Don’t worry, if you are in New York this weekend you can still participate in watch-related cultural hobnobbing. Wrapping up the brand’s celebrations for the Monaco’s 50th-anniversary, TAG Heuer has created the Monaco Piece d’Art. And this one-of-a-kind creation will be on display in advance of the Phillips Game Changer Auction on December 10th.
It’s a rare chance to examine this aesthetic wonder in person before it ends up in a collector’s private collection. And, it’s also an opportunity to get your art speak on. We’ve even provided some art theory talking points to help you feel like you are in Miami, mingling with gallerists, critics, and other art enthusiasts.
What elevates Monaco Piece d’Art to the level of an art object? One could argue that modern art is as much about the concept and process of making art as it is about the finished piece. Or, as New York magazine art critic Jerry Saltz once said, “I’m looking for what the artist is trying to say and what he or she is actually saying, what the work reveals about society and the timeless conditions of being alive."
The Monaco Piece d’Art is certainly saying a lot about pop culture and conveying all sorts of status on its wearer.

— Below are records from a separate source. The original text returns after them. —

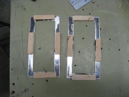 Made some 1/8" spacers to put on the face of the evaporater outlet duct flanges. These will be attached with spacers to the tailcone bulkhead so the spacing will be correct when the ducts are attached to the flanges.
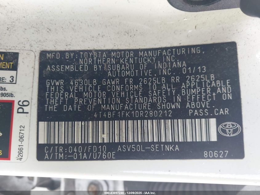 Автомобіль 2013 року — чудовий вибір для тих, хто цінує якість, надійність і вигоду. Компанія Royal Motors пропонує пригнати TOYOTA CAMRY з США під ключ: ми перевіряємо авто за VIN (4T4BF1FK1DR280212), організовуємо доставку, розмитнення та за потреби — ремонт на власному СТО в Києві. Ця модель має колір Білий, працює на Бензин, оснащена двигуном 2.5 і приводом Передній привід. З Royal Motors ви отримуєте повністю перевірений автомобіль із прозорою історією та вигідною ціною.
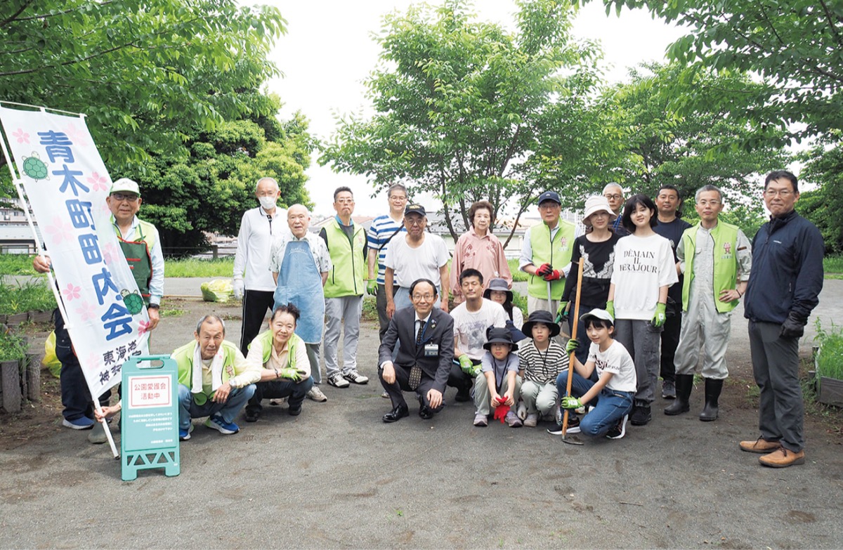 10年以上前から月1回、青木町町内会と連携し、清掃活動を続けています。今回は子どもも含めて約20人が参加し、雑草の草むしりを行いました。雑草は土にしっかりと根を張っており、想像以上に力が必要でした。
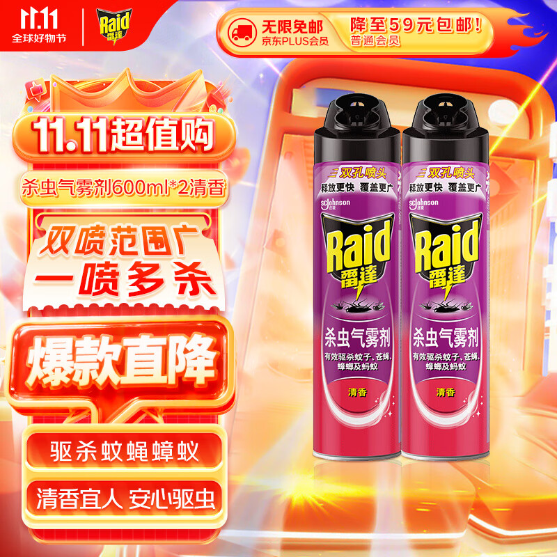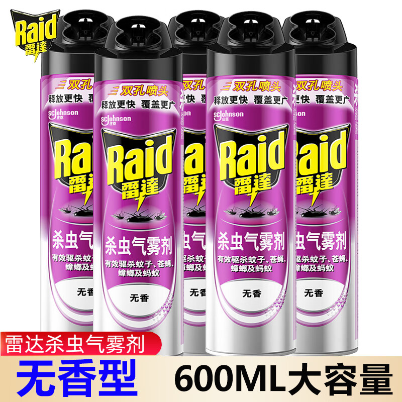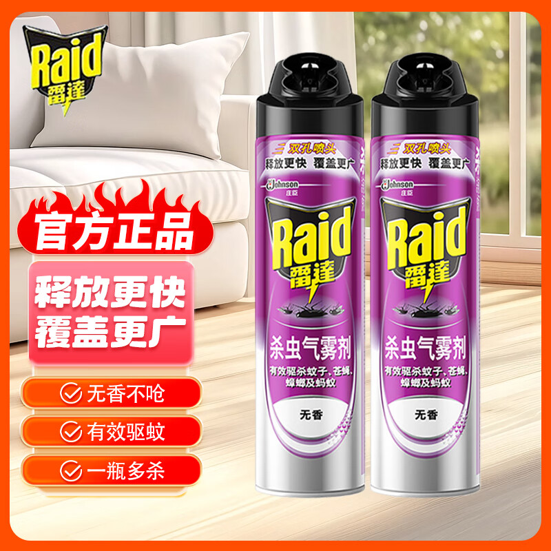 雷达(Raid)杀虫剂杀虫气雾剂喷雾600ml 家用无香型杀蟑螂小飞虫驱蚊灭蚊 【无香】雷达杀虫剂600ml*2瓶

This unique timepiece is a restored and decorated version of an original 1969 model (reference number 1133B) selected from the TAG Heuer Museum at the brand’s headquarters in La Chaux-de-Fonds, Switzerland.
A team of TAG Heuer’s in-house experts in the Vintage After-Sales Department began the process by restoring the original Calibre 11 mechanism — the very first automatic-winding chronograph movement.
ART AND CRAFT
As philosopher and media theorist Marshall McLuhan once said, “The medium is the message.” And what could send a more powerful statement about the historical impact of the Monaco than using the original as a canvas?

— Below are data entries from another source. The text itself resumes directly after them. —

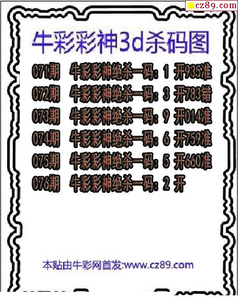 牛彩版3D预测彩报图25年331期打印版
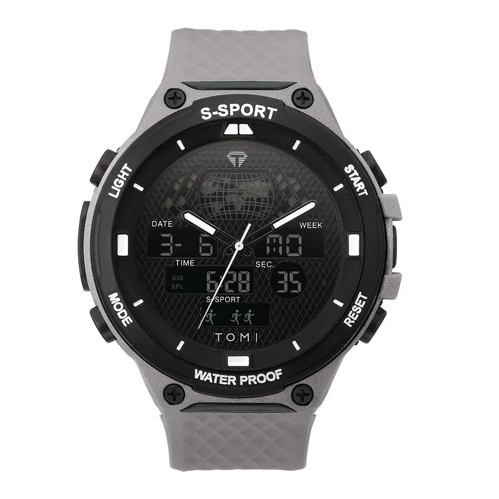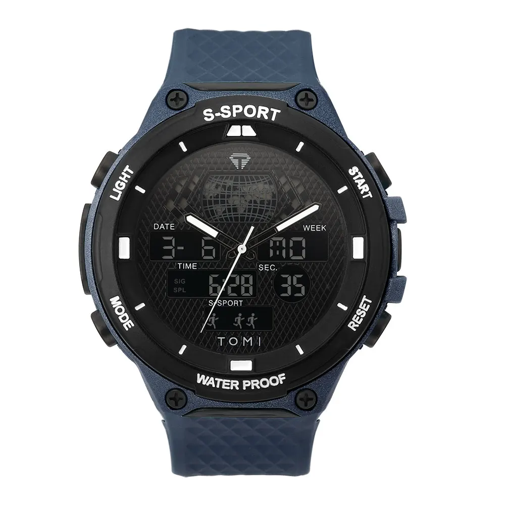 TOMI Sport Digital Watch LED Dual Display Simple Multi-function Stop Watch Feature 50mm Dial Diameter Leather Band Hangzhou
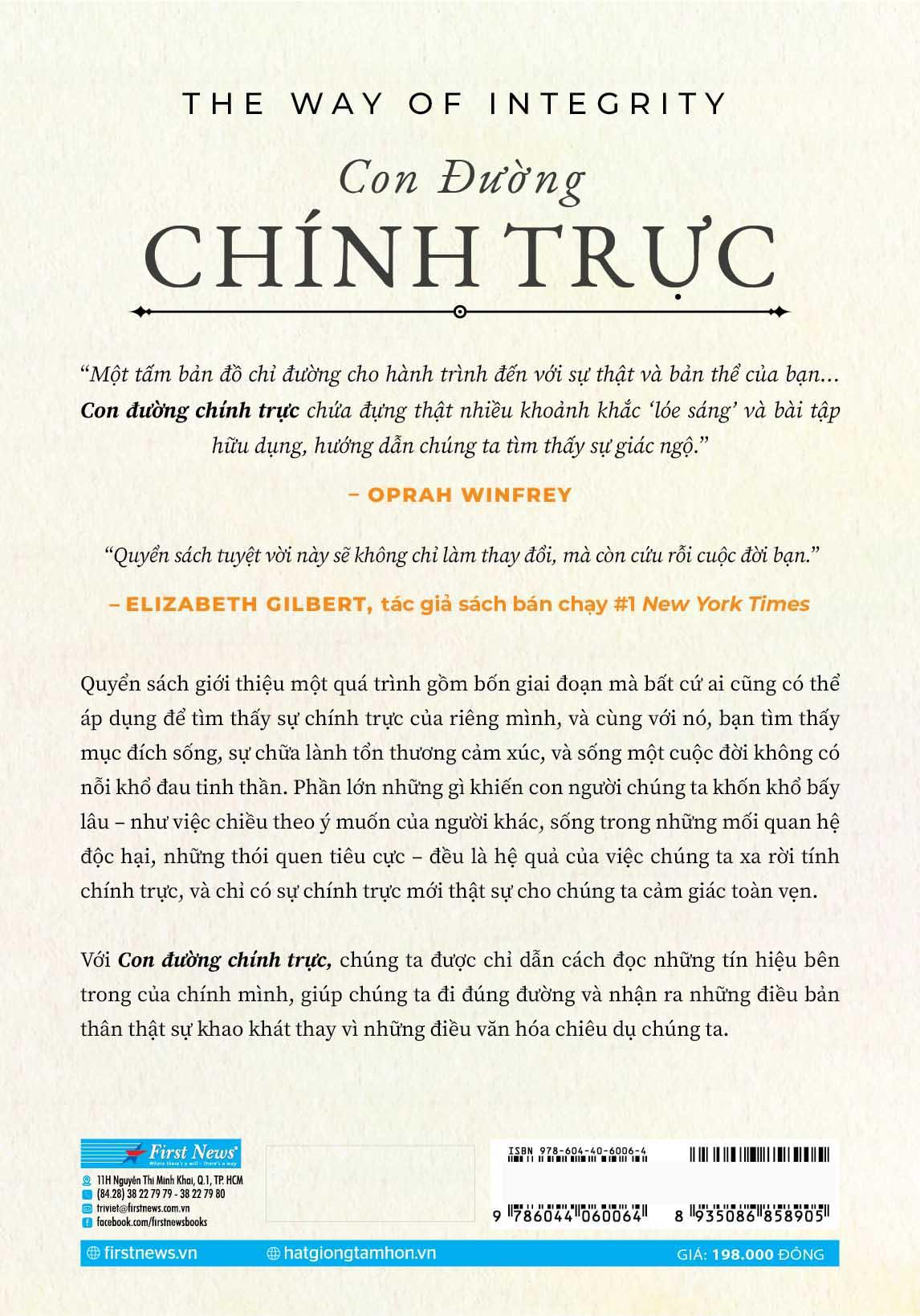 Với những chia sẻ sâu sắc, “Con đường chính trực” không chỉ là cuốn sách dành cho những ai đang tìm kiếm sự bình an nội tại, mà còn cho tất cả những người muốn sống thật với chính m.ình và đạt đến một cuộc sống tự do trọn vẹn.

While the watch was already a museum piece, the restoration was just the beginning of a brand-new chapter in the story of this watch.
“The Heritage Department wondered what gift it could offer the Monaco for its 50th anniversary,” said TAG Heuer Heritage Director Catherine Eberlé-Devaux. “We decided to create a work of art that commemorates our icon and pays tribute to its uniqueness. We have taken original components and decorated them – something that has never been done.”
As this video shows, the process was quite daring for the watchmakers. First of all, the Calibre 11 was never meant to be decorated. So, finding the balance between beauty and functionality took a lot of creativity. The artists even had to invent new tools to carry out their work.
THE AVANTE GARDE
In his influential documentary and book about post-modern art, The Shock of the New, critic Robert Hughes talks about how technology feeds off culture itself, and how the contemporary art fairs, like Art Miami and the international exhibition circuit, have changed how we view art today.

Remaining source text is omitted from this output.